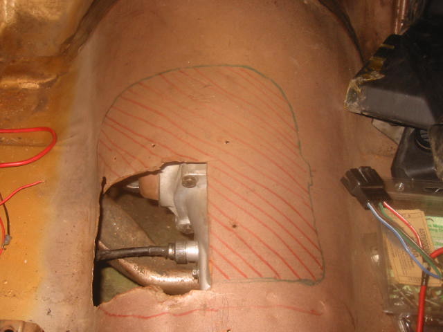 The pic above is a template where a 4 speed tranny hump is located - the hump is used in conjunction with a console. Here's a link if anyone has ever seen a 75-79 tranny hump. After 1974, a tranny hump was not used when a floor shifted automatic was optioned - the shifter was mounted to the floor in a similar fashion like the second generation F-car. After 1974, manual-shifted GM X-cars are a rare find - here's a link in response to stick parts.
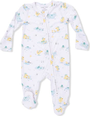 A cute duck and frog print sweeten up this soft and stretchy footie designed with a two-way zip closure to help make diaper checks a bit easier. Foldover cuffs ensure little hands are protected from accidental scratches.
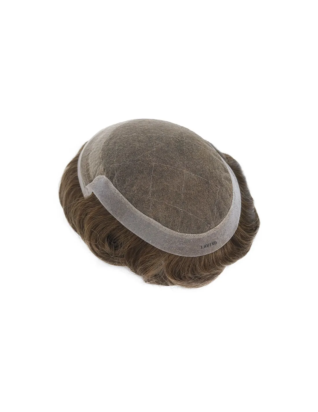 Lace Middle + 1'' Skin on sides and back |7''X9'' Indian Human Hair Golden Chestnut |30mm Slight Wave |95% Medium Light | 6''
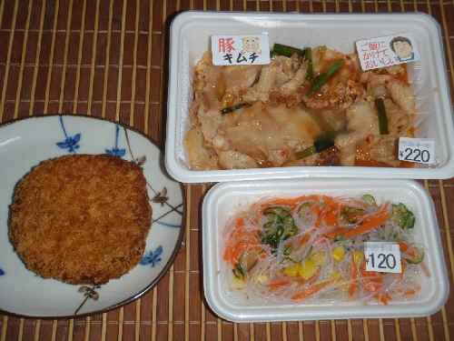 kuniさん一家が来福されたのは、彼のブログを観ると、もう1ヶ月前のことだ。関西からフェリーに乗って九州入りされたのは、某コンビニのお弁当を買うためだった。当日のkuniさんのブログにも書かれているが、俺も何度か寄ったことがある、コンビニというよりも、総菜屋さんに近いそのお店は、近々閉店してしまうらしい。同じ県内とはいえ、そのコンビニは家から50kmくらい離れているが、今日は夕方たまたま、仕事でそちら方面に行ったので、俺も閉店される前に、記念に寄ってきた。俺も晩飯用にお弁当を買おうかとも思ったが、今夜まで先日炊いたご飯があるので、総菜とファーストフードを買う。豚キムチ(220円)と自分では絶対に作らない春雨の酢のもの(120円)に、酒のアテ用にFF(ファイナル・ファンタジーではない)のハムコロッケというか、ハムカツというべきか。まずはハムカツ(90円)と、kuniさん来福時にいただいたちりめん佃煮をアテに呑む。総菜の他には、キャベツの千切りとプチトマトのサラダに、麩の味噌汁。豚キムチのパックに「ご飯にかけておいしい」とシールが貼ってある以上、ご飯に乗せて食わないとね。ところでこの似顔絵は、「まいうー」と言えと
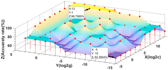 To optimize the parameters, the feature vectors were first normalized to facilitate fast convergence. Subsequently, the parameter set was selected by using the grid search method that is based on five-fold cross-validation. The training samples were divided into five groups. Four groups were treated as the training data each time, and the remaining group was used as the test data. Afterwards, the average five-fold cross-validation accuracy was obtained by averaging the results that were obtained in this way for each set of parameters. Figure 16 shows the results that were obtained for 110 sets of parameters via the cross-validation approach. These results show that when log2C is equal to −5 and log2g is equal to −15, i.e., C = 0.03125 and g = 0.00003, the accuracy that is determined via cross-validation is the lowest, with a value of 62.3834%. When log2C is equal to 13 and log2g is equal to 1, i.e., C = 8192 and g = 2, the accuracy determined via cross-validation is the highest, 98.7565%. Therefore, C = 8192 and g = 2 were used as the parameter settings for model training to establish the weld joint classification model.
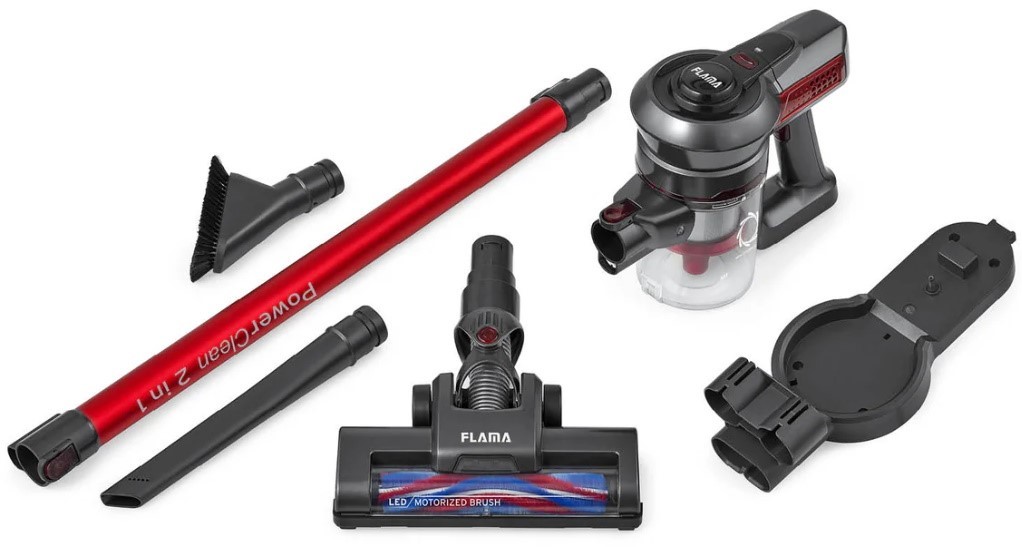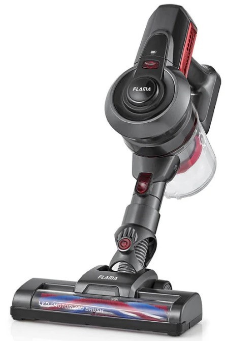 O aspirador vertical 2 em 1, 1642FL tem uma bateria de 22.2V, escova motorizada com iluminação Led, 35 de autonomia de aspiração e uma potência máxima de 120W. Inclui também suporte de parede, ponteira longa e escova para sofás.
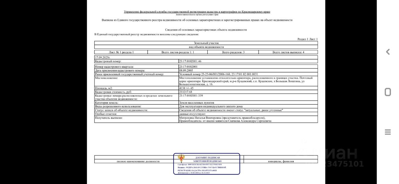 Статус участка
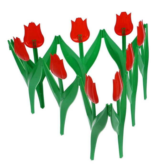 Ограждение декоративное, 30 × 225 см, 5 секций, пластик, красный цветок, «Тюльпан»
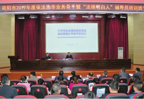 本报讯(蒋勇 张光才 记者吴显云文/图)昨(20)日,记者从资阳市依法治市办获悉,为深入学习党的十九大精神,全面贯彻中央、省委和市委关于法治建设的系列部署,坚定不移把全面依法治市推向深入,该市依法治市办、市司法局在市委党校举办了2017年度依法治市业务骨干暨“法律明白人”辅导员培训班。市委常委、政法委书记、市依法治市领导小组副组长李丹出席并讲话,省综治办专职副主任杨军等受邀作辅导讲课。
====
EXERCISE AIM — Your copy should match the records above word for word, but without images.

RESULT OF THE EXERCISE —
 The pic above is a template where a 4 speed tranny hump is located - the hump is used in conjunction with a console. Here's a link if anyone has ever seen a 75-79 tranny hump. After 1974, a tranny hump was not used when a floor shifted automatic was optioned - the shifter was mounted to the floor in a similar fashion like the second generation F-car. After 1974, manual-shifted GM X-cars are a rare find - here's a link in response to stick parts.
 A cute duck and frog print sweeten up this soft and stretchy footie designed with a two-way zip closure to help make diaper checks a bit easier. Foldover cuffs ensure little hands are protected from accidental scratches.
 Lace Middle + 1'' Skin on sides and back |7''X9'' Indian Human Hair Golden Chestnut |30mm Slight Wave |95% Medium Light | 6''
 kuniさん一家が来福されたのは、彼のブログを観ると、もう1ヶ月前のことだ。関西からフェリーに乗って九州入りされたのは、某コンビニのお弁当を買うためだった。当日のkuniさんのブログにも書かれているが、俺も何度か寄ったことがある、コンビニというよりも、総菜屋さんに近いそのお店は、近々閉店してしまうらしい。同じ県内とはいえ、そのコンビニは家から50kmくらい離れているが、今日は夕方たまたま、仕事でそちら方面に行ったので、俺も閉店される前に、記念に寄ってきた。俺も晩飯用にお弁当を買おうかとも思ったが、今夜まで先日炊いたご飯があるので、総菜とファーストフードを買う。豚キムチ(220円)と自分では絶対に作らない春雨の酢のもの(120円)に、酒のアテ用にFF(ファイナル・ファンタジーではない)のハムコロッケというか、ハムカツというべきか。まずはハムカツ(90円)と、kuniさん来福時にいただいたちりめん佃煮をアテに呑む。総菜の他には、キャベツの千切りとプチトマトのサラダに、麩の味噌汁。豚キムチのパックに「ご飯にかけておいしい」とシールが貼ってある以上、ご飯に乗せて食わないとね。ところでこの似顔絵は、「まいうー」と言えと
 To optimize the parameters, the feature vectors were first normalized to facilitate fast convergence. Subsequently, the parameter set was selected by using the grid search method that is based on five-fold cross-validation. The training samples were divided into five groups. Four groups were treated as the training data each time, and the remaining group was used as the test data. Afterwards, the average five-fold cross-validation accuracy was obtained by averaging the results that were obtained in this way for each set of parameters. Figure 16 shows the results that were obtained for 110 sets of parameters via the cross-validation approach. These results show that when log2C is equal to −5 and log2g is equal to −15, i.e., C = 0.03125 and g = 0.00003, the accuracy that is determined via cross-validation is the lowest, with a value of 62.3834%. When log2C is equal to 13 and log2g is equal to 1, i.e., C = 8192 and g = 2, the accuracy determined via cross-validation is the highest, 98.7565%. Therefore, C = 8192 and g = 2 were used as the parameter settings for model training to establish the weld joint classification model.
 O aspirador vertical 2 em 1, 1642FL tem uma bateria de 22.2V, escova motorizada com iluminação Led, 35 de autonomia de aspiração e uma potência máxima de 120W. Inclui também suporte de parede, ponteira longa e escova para sofás.
 Статус участка
 Ограждение декоративное, 30 × 225 см, 5 секций, пластик, красный цветок, «Тюльпан»
 本报讯(蒋勇 张光才 记者吴显云文/图)昨(20)日,记者从资阳市依法治市办获悉,为深入学习党的十九大精神,全面贯彻中央、省委和市委关于法治建设的系列部署,坚定不移把全面依法治市推向深入,该市依法治市办、市司法局在市委党校举办了2017年度依法治市业务骨干暨“法律明白人”辅导员培训班。市委常委、政法委书记、市依法治市领导小组副组长李丹出席并讲话,省综治办专职副主任杨军等受邀作辅导讲课。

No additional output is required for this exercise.